For what I don't listen carefully, the serious consequences are as follows:

1, let the teacher worry about my study. I should have listened carefully in class, but I didn't, which distracted the teacher and made the students suffer more serious consequences.

2. It has caused a bad influence among students. Because of my own mistakes, other students may follow suit, affect class discipline, and be irresponsible to other students' parents.

3, affect the improvement of personal comprehensive level, so that they can not be improved under the condition of improved instinct, against the wishes of their parents.

Now, a big mistake has been made and I deeply regret it.
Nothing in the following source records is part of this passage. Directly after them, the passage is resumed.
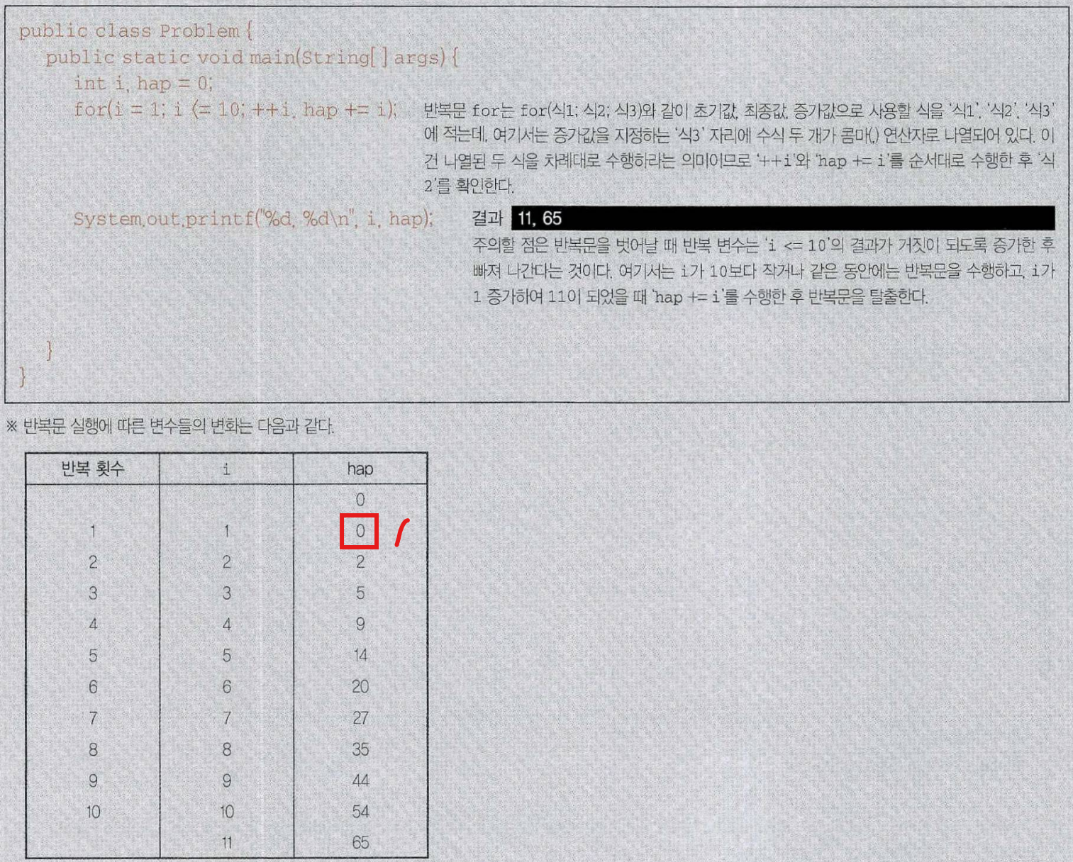 ++i와 hap += i 를 만나 실행이 됩니다
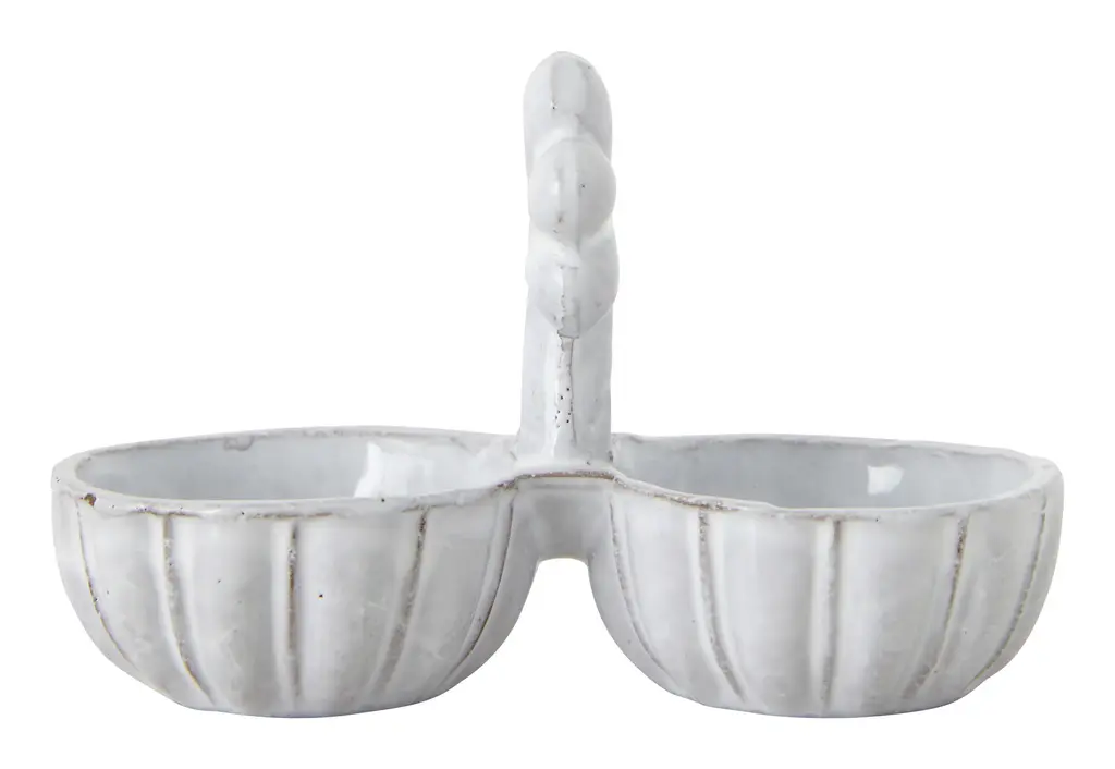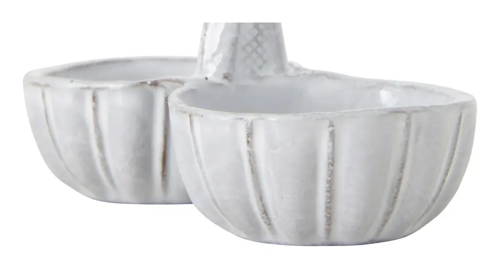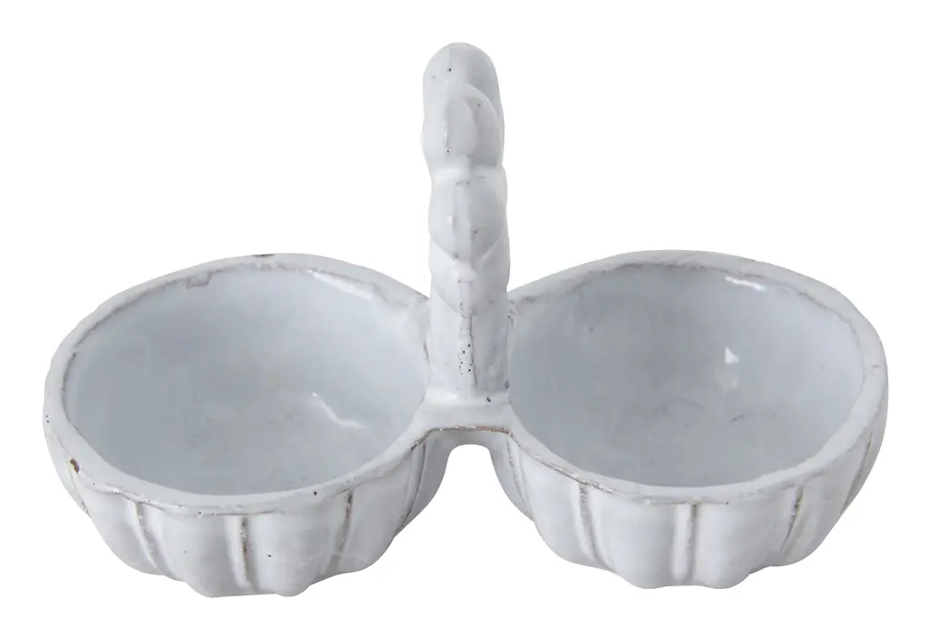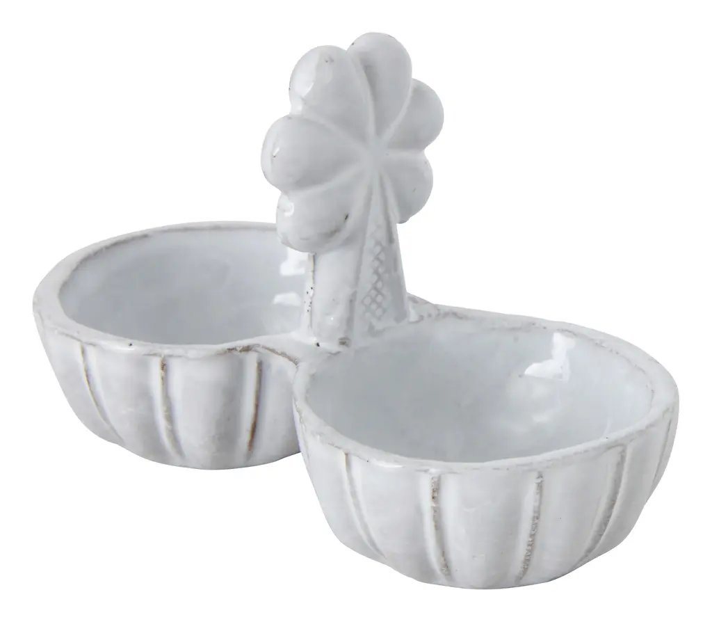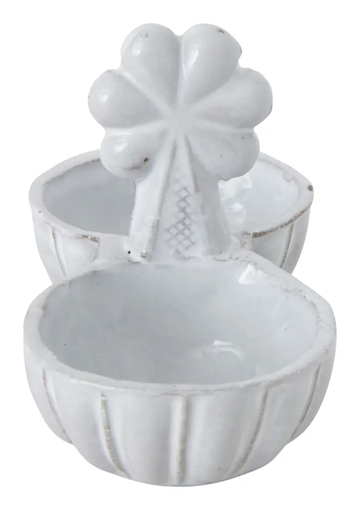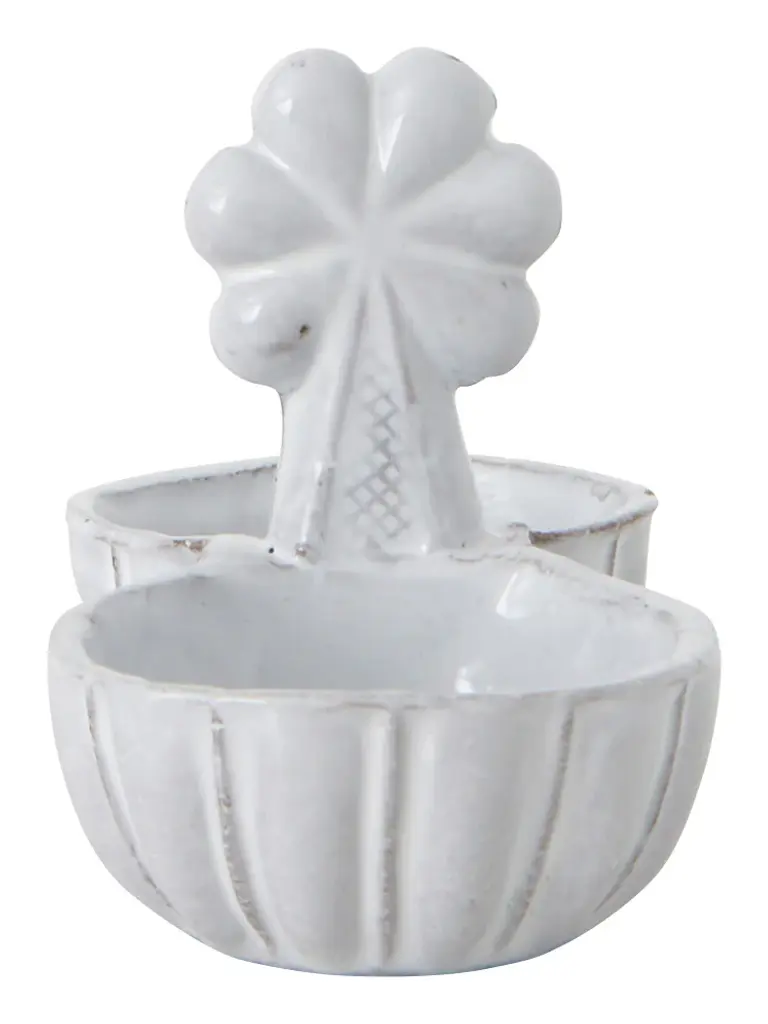 Every dish is better with a little extra seasoning — and our vintage-inspired Astier de Villatte Clover Salt & Pepper Cellar is our favorite way to add it. This delicate dish comes to us from renowned ceramicist Astier de Villatte’s Parisian workshop, where it was handcrafted from black terracotta clay following old-school techniques and finished with the brand’s signature milky white glaze. Made up of two tiny adjoining bowls, its center handle is molded into the shape of a lucky clover for a charming touch of character. Great sitting beside your cooking station for whenever you need to add a boost of flavor to whatever you’re whipping up, our Astier de Villatte Clover Salt & Pepper Cellar is also the perfect finishing touch for an elegant tablescape. •4.5"W x 2.25"D x 3"H •black terracotta clay •white glaze •astier de villatte•handmade in paris •each is unique Care Instructions•handwash only
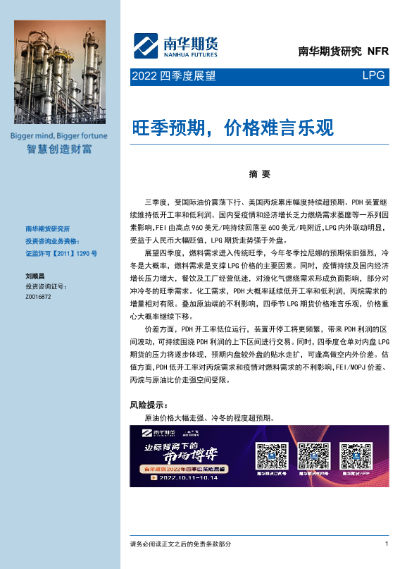 【南华期货】【20221001】2022LPG四季度展望:旺季预期,价格难言乐观-17页

After a profound review, I think the fatal mistakes hidden in my mind are as follows:

1, low ideological awareness, serious lack of attention to important issues. Even if there is understanding, it has not really been put into action.

2. The root cause of low ideological awareness is that I don't respect others enough. Dear teacher teaches hard, but I can't respect your work.

3. The usual lifestyle is lazy. If it weren't for laziness, carelessness and low memory level, how could I forget to turn off my mobile phone?